YOUR ASSIGNMENT
The answer must be only the lines below from the one holding "Женские наручные часы" down to the one holding "Deze presse papier", ends included, printed exactly; please omit all pictures.

### DATASET RECORDS

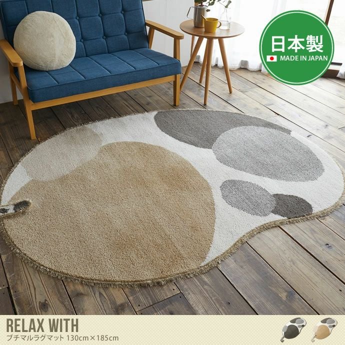 可愛いブチ模様を描いた“Relax with”ブチマルラグマット(130cm×185cm)。防ダニ加工と消臭加工を施しており、ペットを飼っているご家庭でも安心!耐熱加工を施しているので、床暖房やホットカーペットの上敷きとしてご使用いただけます。冬は暖かく、夏の暑い時期でもサラッとしているので、オールシーズンお使いいただけます。リビングや寝室などに敷いていただけるので、より一層快適な癒しのひと時を過ごすことができますよ。
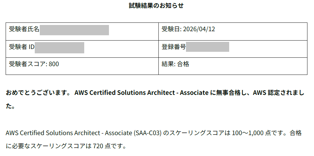 - 2026/4/12にAWS SAAを受験し、800点で合格しました。
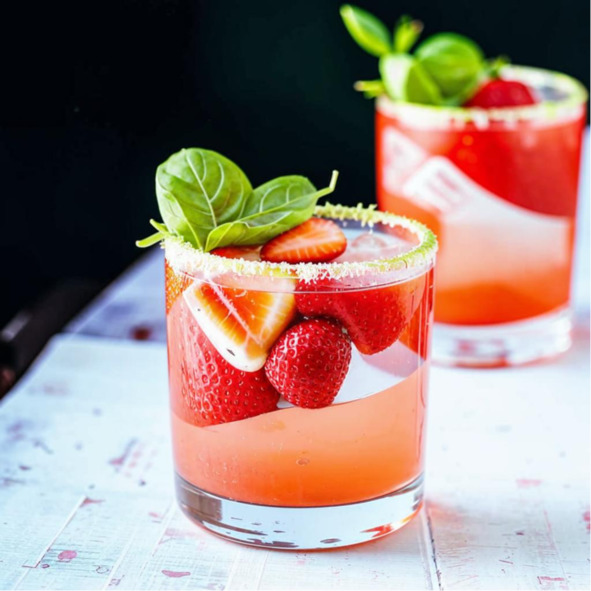 1 стакан свежей клубники: очищенной и нарезанной. 1/2 стакана йогурта: натурального или греческого. 1/4 стакана свежего базилика: придаст особый аромат. 1—2 ст. ложки меда: по вкусу. Лед по вкусу: для охлаждения.
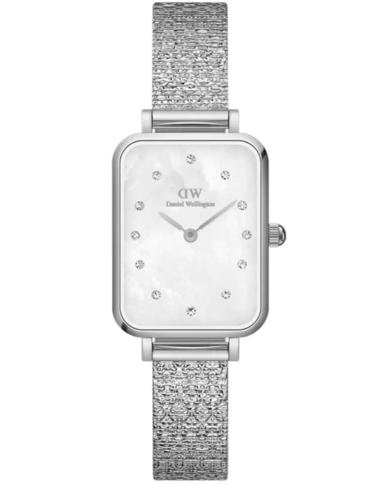 Женские наручные часы с минеральным стекломМинеральное стеклоМинеральное стекло представляет собой искусственно выращенный минерал кварца. Такое стекло отличается особой устойчивостью к повреждениям и царапинам. Уступает по некоторым качествам сапфировому стеклу. Daniel Wellington Quadro DW00100580, кварцевый механизм с высокой точностью. Корпус часов изготовлен из нержавеющей стали 316L. Циферблат украшен фирменным логотипом Daniel Wellington и 12 кристаллами Swarovski. Рифленая заводная головка. Класс водозащиты: 30 метров, позволит защитить корпус от случайных брызг или капель дождя. Стальной браслет миланского плетения на раскладном замкеРаскладной замокДанный вариант застежки используется только на часах с металлическим браслетом. Отличительная особенность такого крепления в том, что длина браслета становится универсальной и вы можете самостоятельно отрегулировать нужный вам размер – застежка просто двигается по браслету часов..
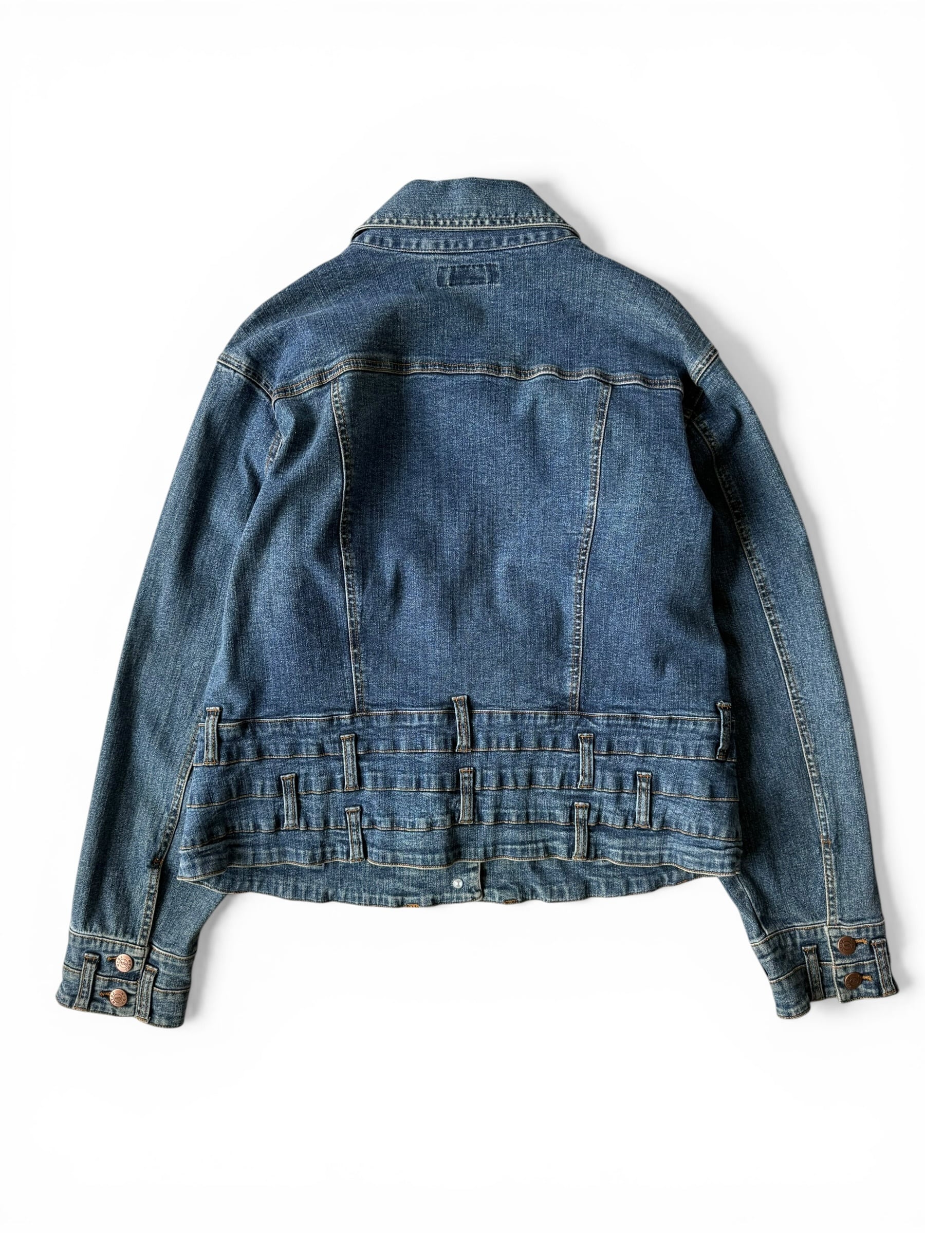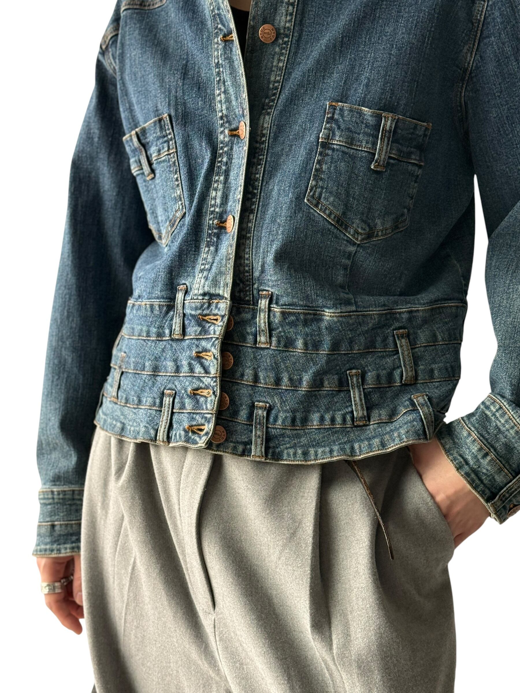 たくさんついたボタンやベルトループなどデニムパンツのパーツがドッキングしたような細かい仕様✨
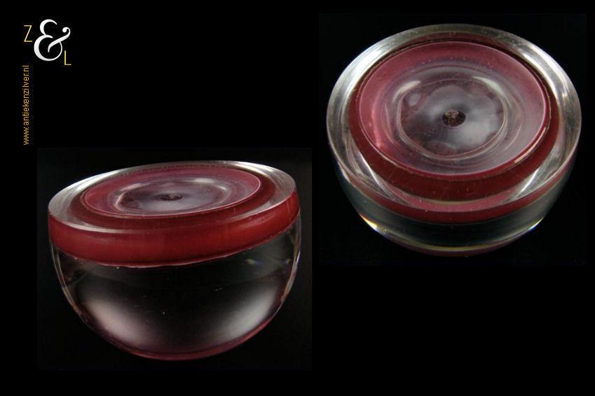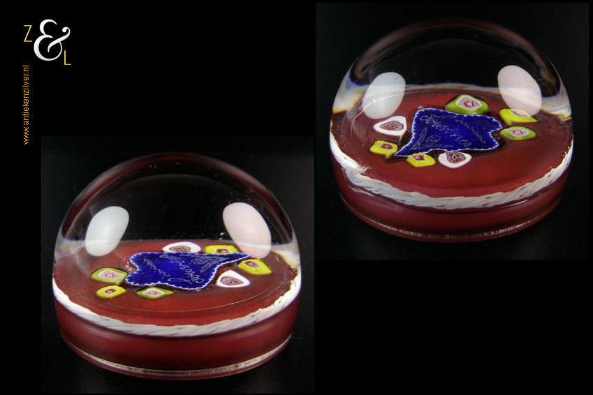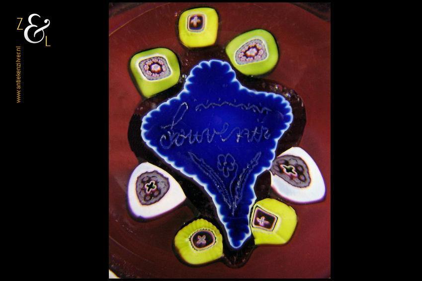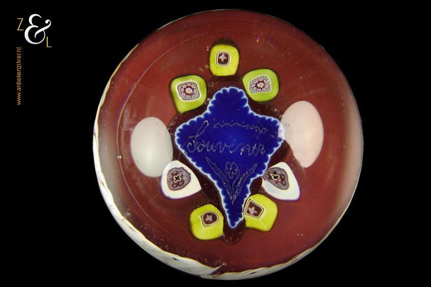 Deze presse papier is gemaakt in België bij de glasblazerij Val Saint Lambert en stamt uit de 19e eeuw. In het midden van de presse papier staat op een blauwe achtergrond het woord Souvenir geschreven. Daaromheen zijn zeven stukjes millefiori* gebruikt. De presse papier heeft een rode achtergrond met rondom een witte kabel. De presse papier heeft een hoogte van 6 cm een diameter van 8.5 cm en hij weegt 896 gram.
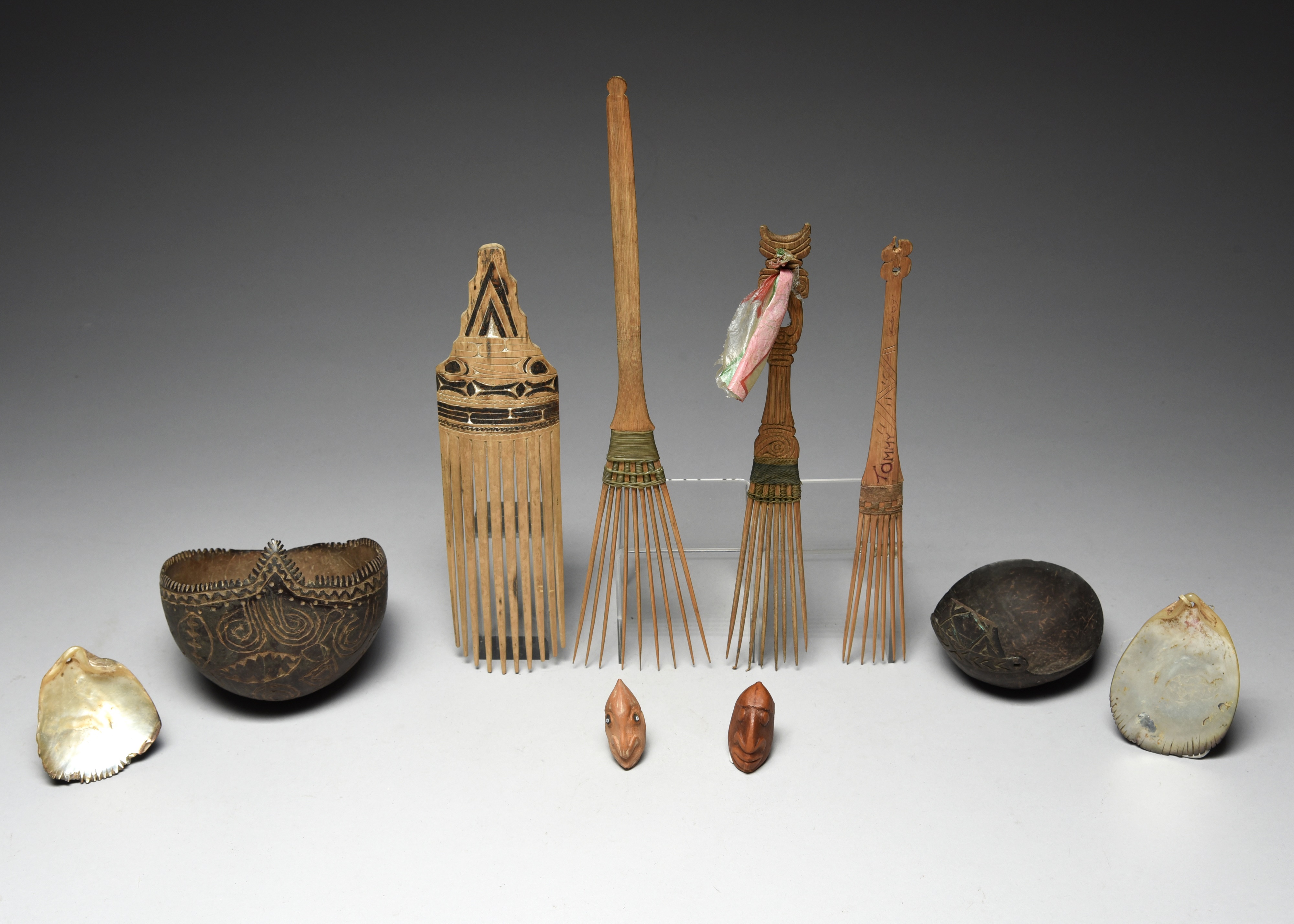 two Papua New Guinea coconut shell spoons/scoops, and four combs. (8)

######

RESPONSE TO THE EXERCISE
 Женские наручные часы с минеральным стекломМинеральное стеклоМинеральное стекло представляет собой искусственно выращенный минерал кварца. Такое стекло отличается особой устойчивостью к повреждениям и царапинам. Уступает по некоторым качествам сапфировому стеклу. Daniel Wellington Quadro DW00100580, кварцевый механизм с высокой точностью. Корпус часов изготовлен из нержавеющей стали 316L. Циферблат украшен фирменным логотипом Daniel Wellington и 12 кристаллами Swarovski. Рифленая заводная головка. Класс водозащиты: 30 метров, позволит защитить корпус от случайных брызг или капель дождя. Стальной браслет миланского плетения на раскладном замкеРаскладной замокДанный вариант застежки используется только на часах с металлическим браслетом. Отличительная особенность такого крепления в том, что длина браслета становится универсальной и вы можете самостоятельно отрегулировать нужный вам размер – застежка просто двигается по браслету часов..
 たくさんついたボタンやベルトループなどデニムパンツのパーツがドッキングしたような細かい仕様✨
 Deze presse papier is gemaakt in België bij de glasblazerij Val Saint Lambert en stamt uit de 19e eeuw. In het midden van de presse papier staat op een blauwe achtergrond het woord Souvenir geschreven. Daaromheen zijn zeven stukjes millefiori* gebruikt. De presse papier heeft een rode achtergrond met rondom een witte kabel. De presse papier heeft een hoogte van 6 cm een diameter van 8.5 cm en hij weegt 896 gram.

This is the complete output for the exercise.